US 12,485,890 B2
	Learning autonomous vehicle safety concepts from demonstrations
Karen Yan Ming Leung, Los Altos, CA (US); Sushant Veer, Sunnyvale, CA (US); Edward Fu Schmerling, Los Altos, CA (US); and Marco Pavone, Stanford, CA (US)
Assigned to NVIDIA Corporation, Santa Clara, CA (US)
Filed by NVIDIA Corporation, Santa Clara, CA (US)
Filed on Mar. 14, 2023, as Appl. No. 18/183,566.
Claims priority of provisional application 63/359,414, filed on Jul. 8, 2022.
Prior Publication US 2024/0010196 A1, Jan. 11, 2024
Int. Cl. B60W 30/095 (2012.01); B60W 30/09 (2012.01); B60W 60/00 (2020.01)

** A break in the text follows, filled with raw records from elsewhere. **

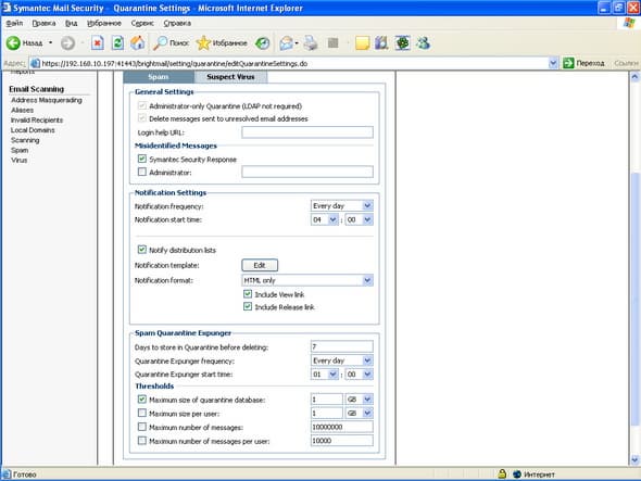 Рисунок 49: Settings – System Settings – Quarantine – Virus – Настройка параметров карантина для подозрительных сообщений (при срабатывании эвристического механизма BloodHound), настройка периода времени, через которое сообщение должно быть пересканировано для уточнения инцидента
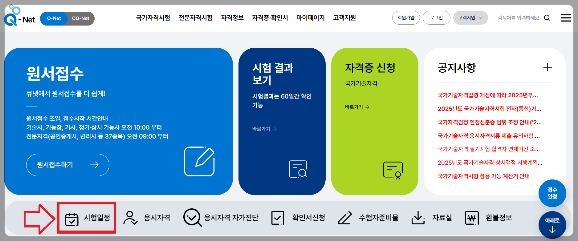 📍 1️⃣ 큐넷(Q-Net) 홈페이지 접속
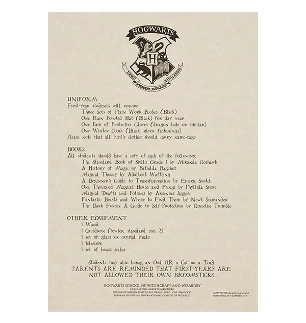 Your Personalised Hogwarts Acceptance Letter contains the below:
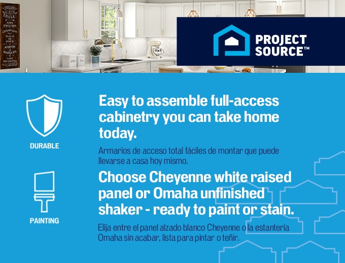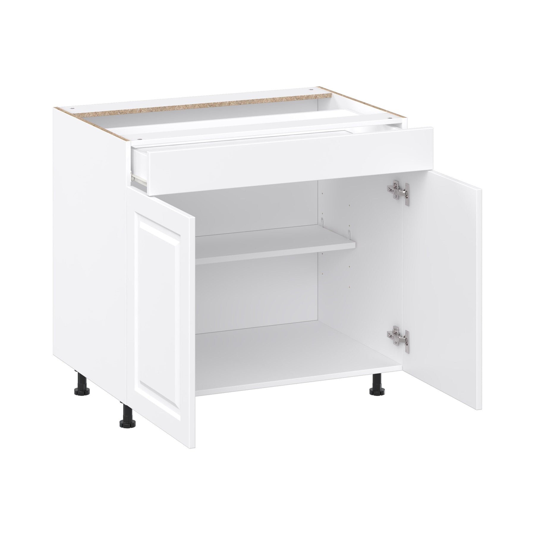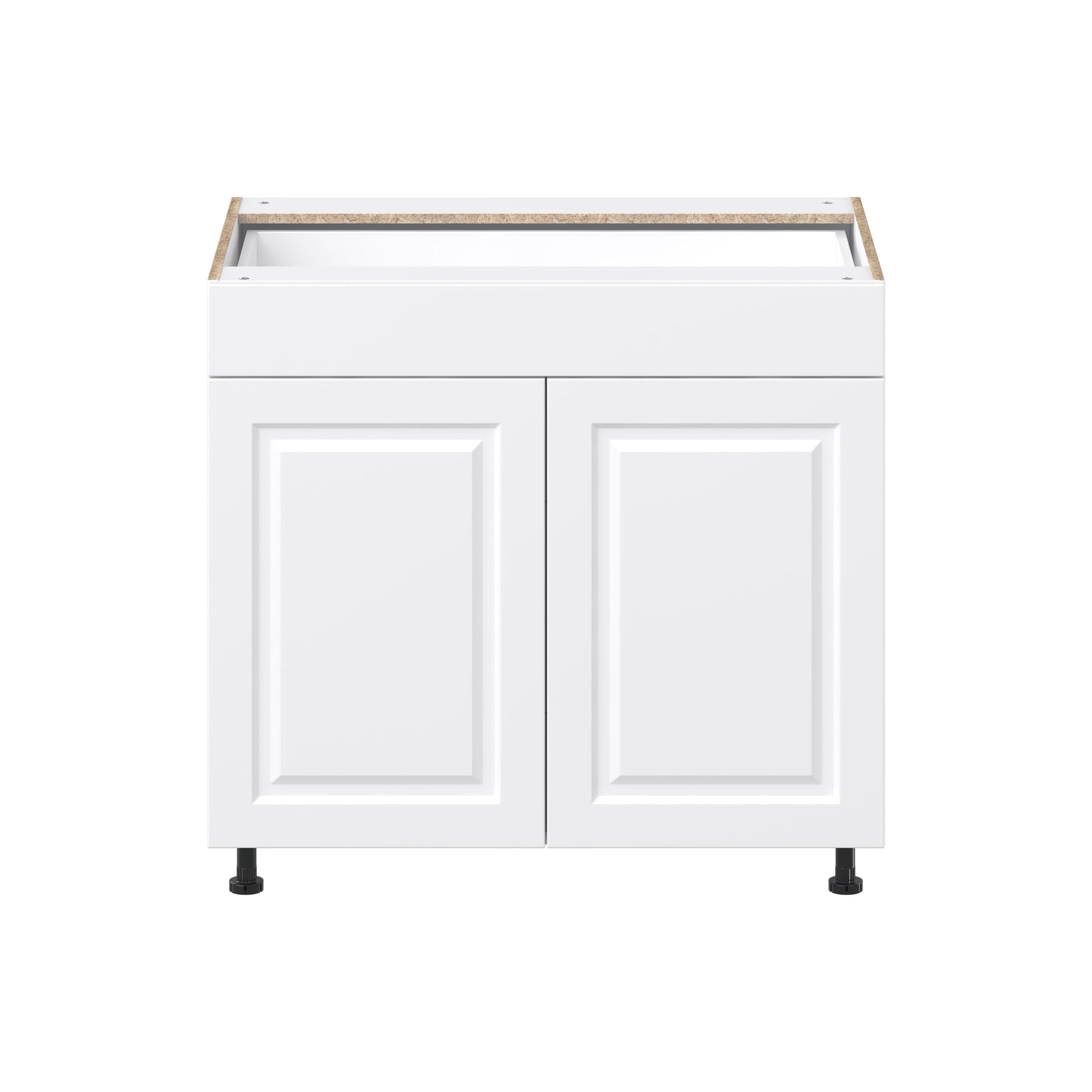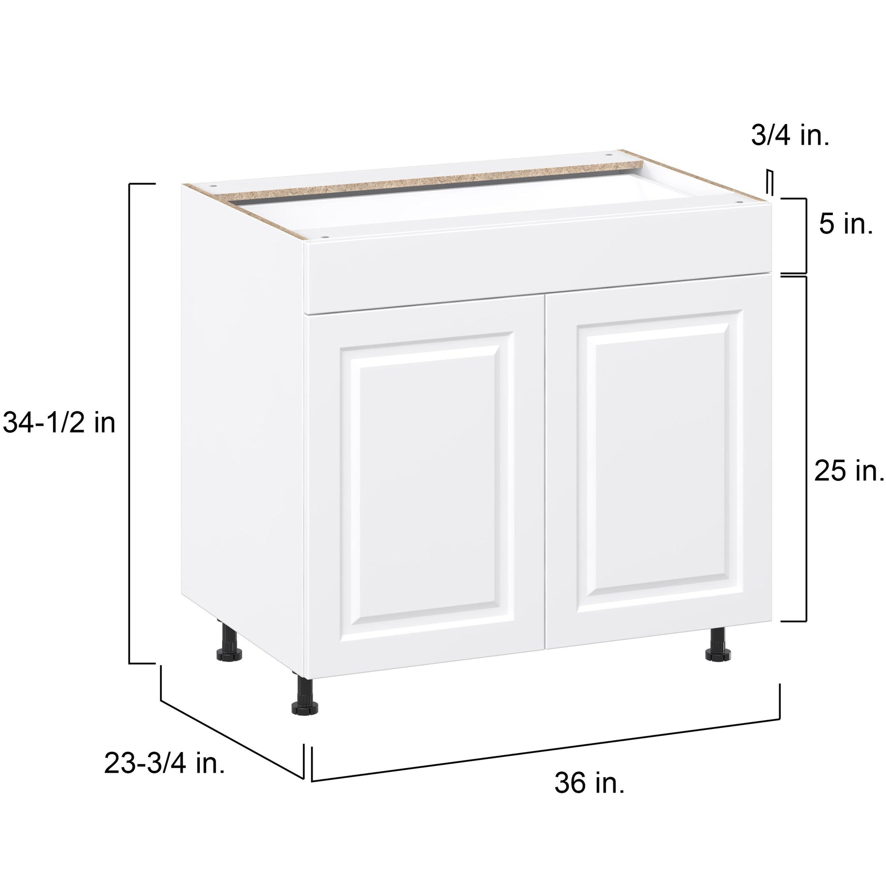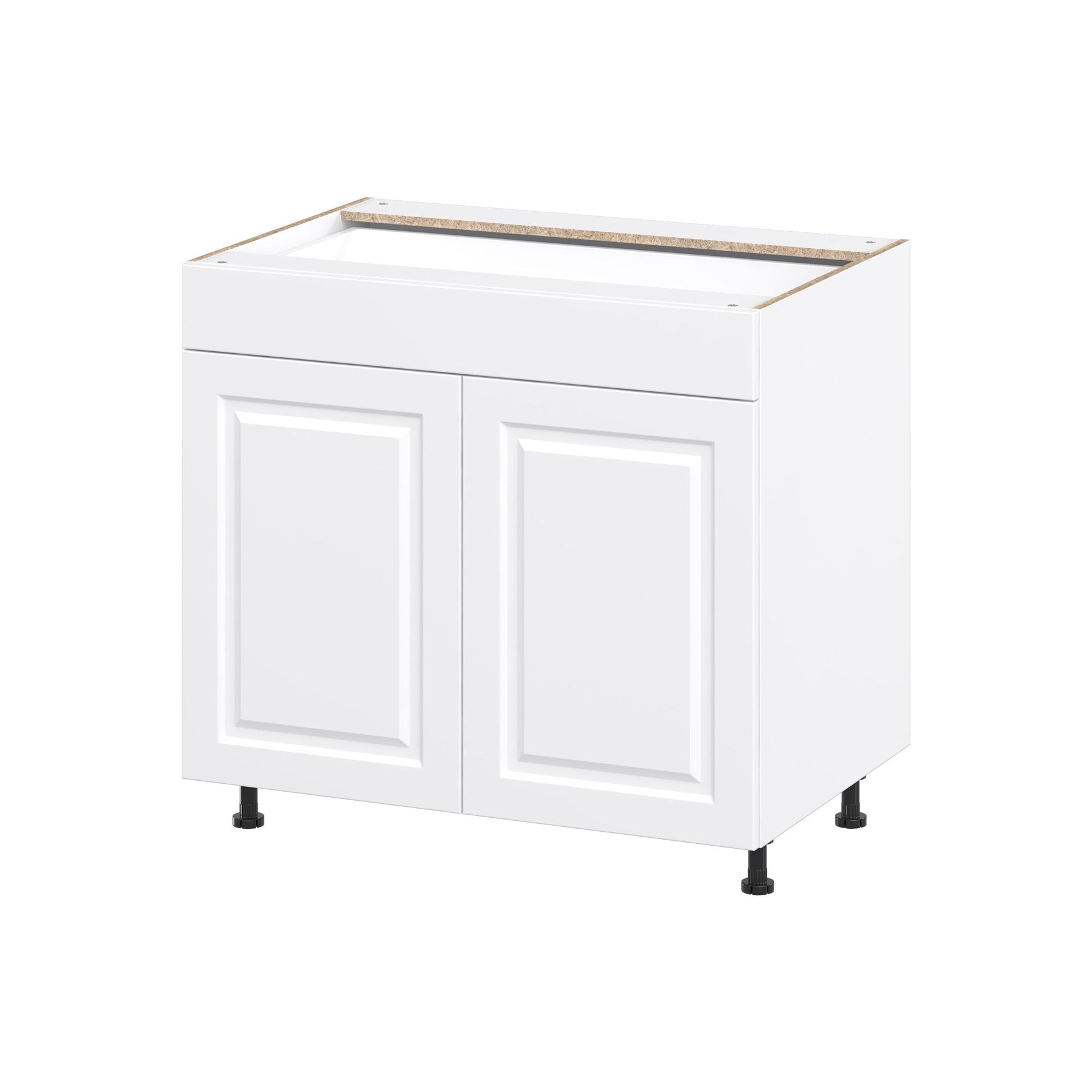 Enhance your kitchen or workspace with the Project Source 36-in White Base Cabinet, featuring a traditional raised panel design and smooth, clean lines. Ready to assemble, this cabinet combines style and functionality with a scratch and moisture-resistant finish, making it a durable solution for any home project.

CPC B60W 30/0956 (2013.01) [B60W 30/09 (2013.01); B60W 60/0015 (2020.02); B60W 2554/4041 (2020.02)]

20 Claims

1. A method comprising:

applying, to at least one machine learning model (MLM), a dataset corresponding to sensor data obtained using one or more sensors of a plurality of machines, the dataset representing examples of collision-free trajectories using joint states of entities navigating through an environment;

based at least on the applying, training the at least one MLM to learn a control policy defining a control action space for a machine of the plurality of the machines and to predict, using the control policy and for a joint state between agents, one or more control actions of the control action space for at least one agent of the agents to perform in response to the joint state, the control policy being learned using a function that assigns values to states resulting from control actions of the control action space, the values defining whether the states are within an unsafe region of a state space or a safe region of the state space based at least on a threshold value that defines a boundary between the safe region and the unsafe region, the safe region corresponding to the collision-free trajectories;

determining one or more functions that compute, based at least on the joint state and for the one or more control actions, output indicating a likelihood of collision if the at least one agent were to use the one or more control actions predicted by the at least one MLM using the control policy; and

performing one or more control operations for the machine using the output indicating the likelihood of collision.